Problem details -
Exactly the lines from the one with "Realistic face sketch" through the last line of the listing must be given again.

Records for the task -
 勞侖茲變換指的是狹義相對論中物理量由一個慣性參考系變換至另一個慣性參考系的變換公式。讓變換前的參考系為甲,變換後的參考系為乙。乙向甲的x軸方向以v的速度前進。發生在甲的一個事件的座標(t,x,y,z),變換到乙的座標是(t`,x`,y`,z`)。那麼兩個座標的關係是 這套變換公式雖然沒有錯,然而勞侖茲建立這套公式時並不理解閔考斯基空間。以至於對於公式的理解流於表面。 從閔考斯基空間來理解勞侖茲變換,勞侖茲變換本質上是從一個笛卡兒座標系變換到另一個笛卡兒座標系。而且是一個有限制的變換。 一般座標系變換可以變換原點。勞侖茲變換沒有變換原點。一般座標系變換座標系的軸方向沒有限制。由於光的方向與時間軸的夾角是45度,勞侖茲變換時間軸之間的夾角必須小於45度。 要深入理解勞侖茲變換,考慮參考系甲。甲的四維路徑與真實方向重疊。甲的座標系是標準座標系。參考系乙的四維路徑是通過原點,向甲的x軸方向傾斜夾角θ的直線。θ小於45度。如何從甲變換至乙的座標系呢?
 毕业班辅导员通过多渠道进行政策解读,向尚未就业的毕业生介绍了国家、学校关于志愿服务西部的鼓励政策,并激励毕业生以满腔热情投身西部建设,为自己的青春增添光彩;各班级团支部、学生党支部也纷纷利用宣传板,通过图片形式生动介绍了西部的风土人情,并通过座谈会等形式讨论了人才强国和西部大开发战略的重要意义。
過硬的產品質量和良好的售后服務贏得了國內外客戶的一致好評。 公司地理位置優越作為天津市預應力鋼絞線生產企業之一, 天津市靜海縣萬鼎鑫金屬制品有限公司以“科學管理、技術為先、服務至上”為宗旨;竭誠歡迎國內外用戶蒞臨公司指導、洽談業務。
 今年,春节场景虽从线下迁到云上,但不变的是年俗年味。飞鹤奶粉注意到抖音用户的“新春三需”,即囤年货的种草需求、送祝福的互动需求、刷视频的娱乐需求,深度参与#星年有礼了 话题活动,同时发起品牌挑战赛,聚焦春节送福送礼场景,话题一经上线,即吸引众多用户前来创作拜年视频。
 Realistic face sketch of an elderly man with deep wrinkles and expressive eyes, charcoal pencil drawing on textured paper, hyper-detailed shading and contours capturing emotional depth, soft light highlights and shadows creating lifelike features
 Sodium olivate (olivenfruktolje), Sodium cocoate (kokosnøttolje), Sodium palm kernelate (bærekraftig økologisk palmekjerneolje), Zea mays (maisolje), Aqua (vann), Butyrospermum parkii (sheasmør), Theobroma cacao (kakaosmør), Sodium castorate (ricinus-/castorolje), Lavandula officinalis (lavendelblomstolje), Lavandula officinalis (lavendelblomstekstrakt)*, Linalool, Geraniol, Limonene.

Exercise result -
 Realistic face sketch of an elderly man with deep wrinkles and expressive eyes, charcoal pencil drawing on textured paper, hyper-detailed shading and contours capturing emotional depth, soft light highlights and shadows creating lifelike features
 Sodium olivate (olivenfruktolje), Sodium cocoate (kokosnøttolje), Sodium palm kernelate (bærekraftig økologisk palmekjerneolje), Zea mays (maisolje), Aqua (vann), Butyrospermum parkii (sheasmør), Theobroma cacao (kakaosmør), Sodium castorate (ricinus-/castorolje), Lavandula officinalis (lavendelblomstolje), Lavandula officinalis (lavendelblomstekstrakt)*, Linalool, Geraniol, Limonene.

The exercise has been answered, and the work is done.